1. The USE Method: Resource Utilization Mental Model¶
The USE Method (Utilization, Saturation, Errors) provides a systematic framework for diagnosing any resource bottleneck. Every physical resource maps to exactly three metrics:
flowchart TD
subgraph "USE Method for Every Resource"
R["Resource\n(CPU, Memory, Disk, Network, Bus)"]
U["Utilization\n= time busy / elapsed time\n100% → bottleneck candidate"]
S["Saturation\n= work that cannot be served\n(queue depth, wait time)\nAny > 0 → problem"]
E["Errors\n= failed operations\n(retransmits, ECC errors, malloc failures)\nNon-zero → investigate"]
R --> U
R --> S
R --> E
end
USE Method Resource Matrix¶
flowchart LR
subgraph "Hardware Resources"
CPU["CPU\nU: %busy\nS: run queue length\nE: machine check exceptions"]
MEM["Memory\nU: used/total\nS: page scanning rate\nE: OOM kills, malloc failures"]
DISK["Disk\nU: %util (iostat)\nS: await time, I/O queue depth\nE: disk errors (hard/soft)"]
NET["Network Interface\nU: throughput/bandwidth\nS: overruns, retransmit\nE: interface errors"]

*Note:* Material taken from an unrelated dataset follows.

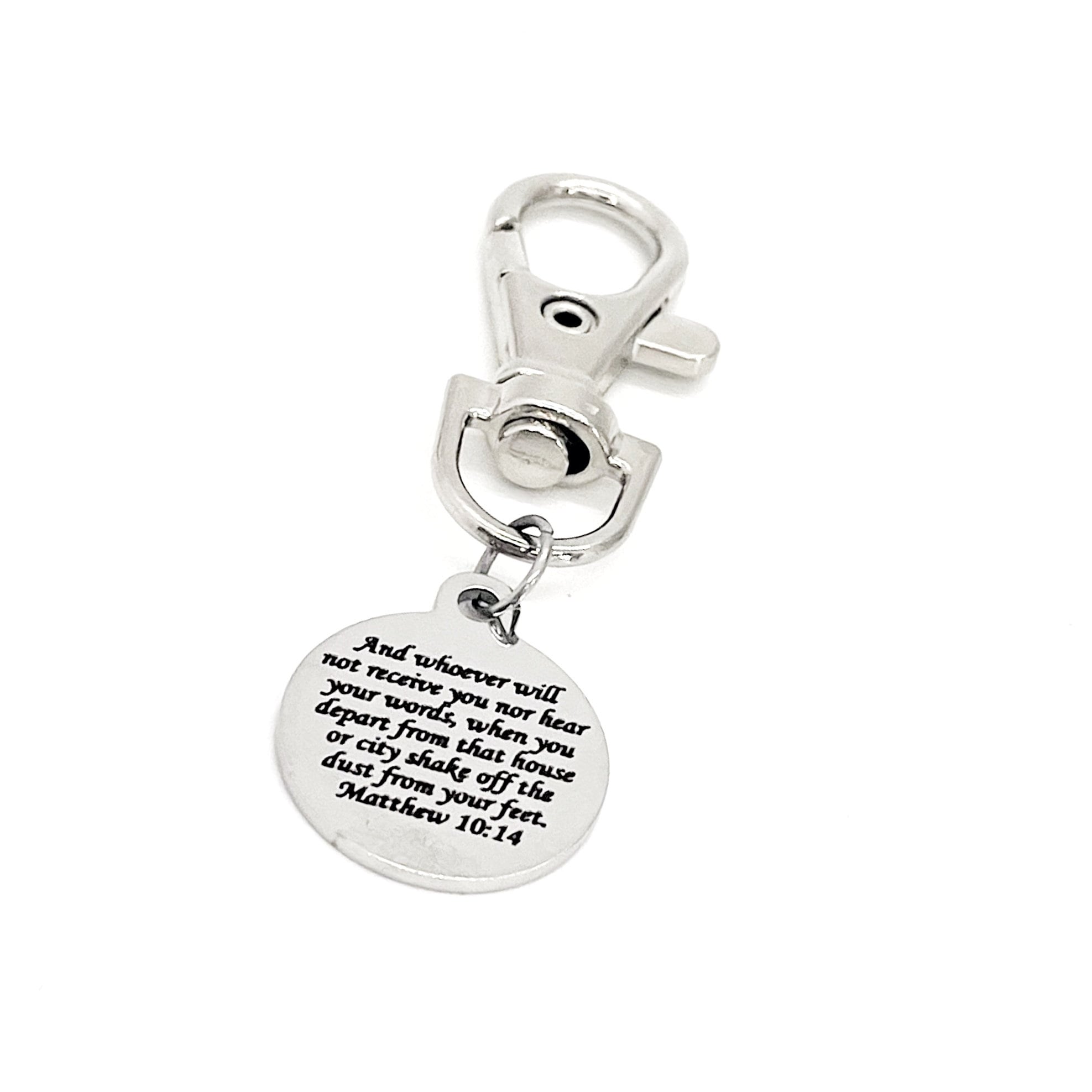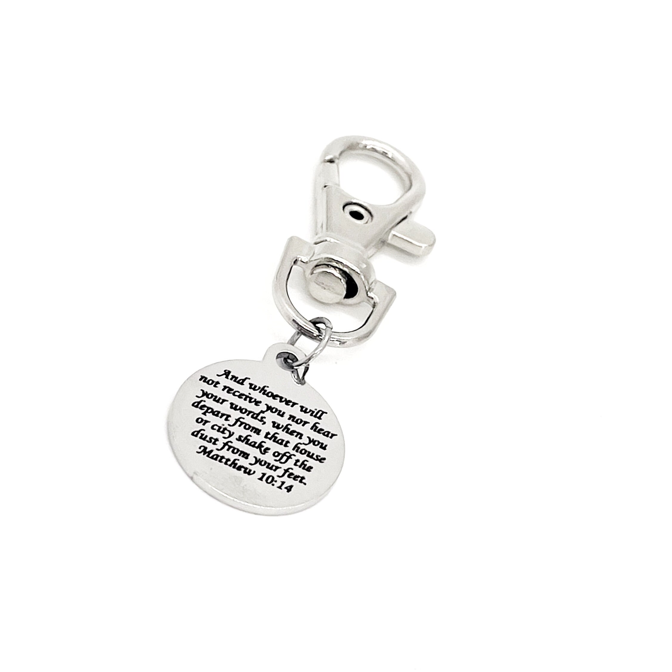 This is a great zipper pull or bag charm clip gift that would be a great gift. It would be a great charm to clip onto a tote, purse, sports bag, book bag or keychain. It has a engraved charm with “And whoever will not receive you nor hear your words, when you depart form that house or city shake off the dust from your feet” from Matthew 10:14 on it.

BUS["CPU Interconnect / PCIe\nU: bus throughput / max\nS: memory stall cycles\nE: parity errors"]
end
subgraph "Software Resources"
MUTEX["Mutex\nU: lock held time\nS: threads queued on lock\nE: deadlocks"]
TP["Thread Pool\nU: threads busy\nS: request queue depth\nE: rejected requests"]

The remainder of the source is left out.